If it’s your first time doing this, the application process might feel a little complicated and overwhelming. But it doesn’t have to be that way! To help you get a bit of a head start, we’ve put together a comprehensive guide to talk about what credit scores are and how to check them.

Before jumping head first and applying for any car loan in Toronto, it’s important to understand all the moving parts around this process to help guarantee your chances of approval. The best place to start is by understanding credit scores. What is it? Why is it important? What qualifies as a good or bad credit score? How do I check it?

We’ll answer all these questions and more. Let’s begin!

People walking through subway station with credit scores for car loans

What Does My Credit Score Say About Me?

Credit scores ranks a person’s borrowing habits and puts them into a quantifiable number that’s conjured up by an algorithm used by credit bureaus.

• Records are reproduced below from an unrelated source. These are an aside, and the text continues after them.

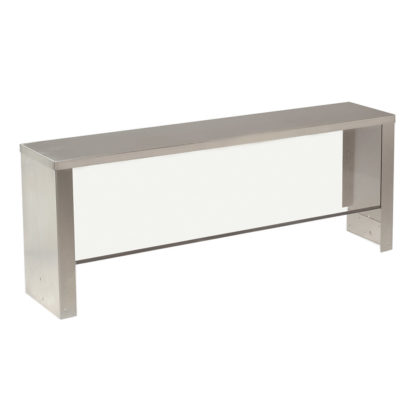 The Advance Tabco TSS-2 breath guard serving shelf has an acrylic shield that protects food in a bar from contamination. It’s designed to be placed in front of a hot or cold food bar with two wells and it has a single-sided construction. A removable, stainless steel shelf is included on top, so operators can keep flatware and napkins for customers in an accessible location.
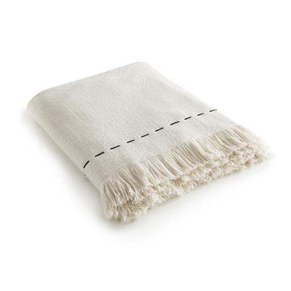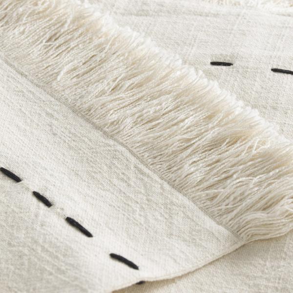 Plaid doublé brodé main, Girandole Ecru/noir 130x170 cm
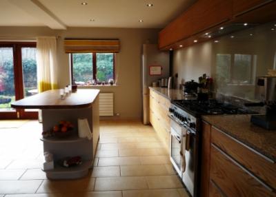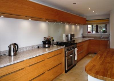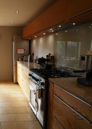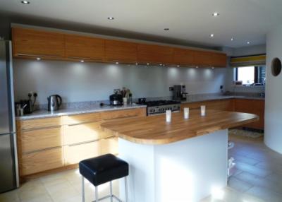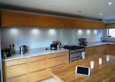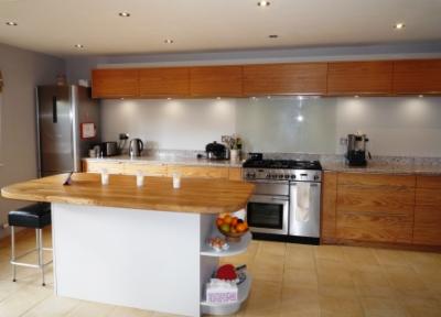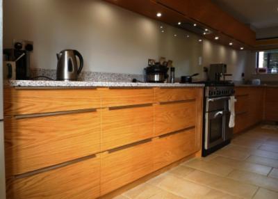 ![]() | This bespoke hand built kitchen was commissioned out of veneered oak. The design brief was to create a modern, practical kitchen using natural materials as much as possible. The quartz worktop is manufactured from eco friendly recycled materials, with a solid oak top for the central hand painted island unit. |

In Canada, credit scores fall between a range of 300-900 points — the higher it is, the better your credit score. 650 is the magical benchmark number that everyone should be striving to hit as it will qualify you for most standard loans.

Lenders use credit scores to help determine what find of borrower you are. Do you have a lot of credit accounts open? Do you pay your bills on time? Have you ever filed for bankruptcy in the past? All this activity will reflect in your credit score and ultimately determine the likelihood of you getting approved for loans (and other things!) and what sort of interest rates you’ll be offered.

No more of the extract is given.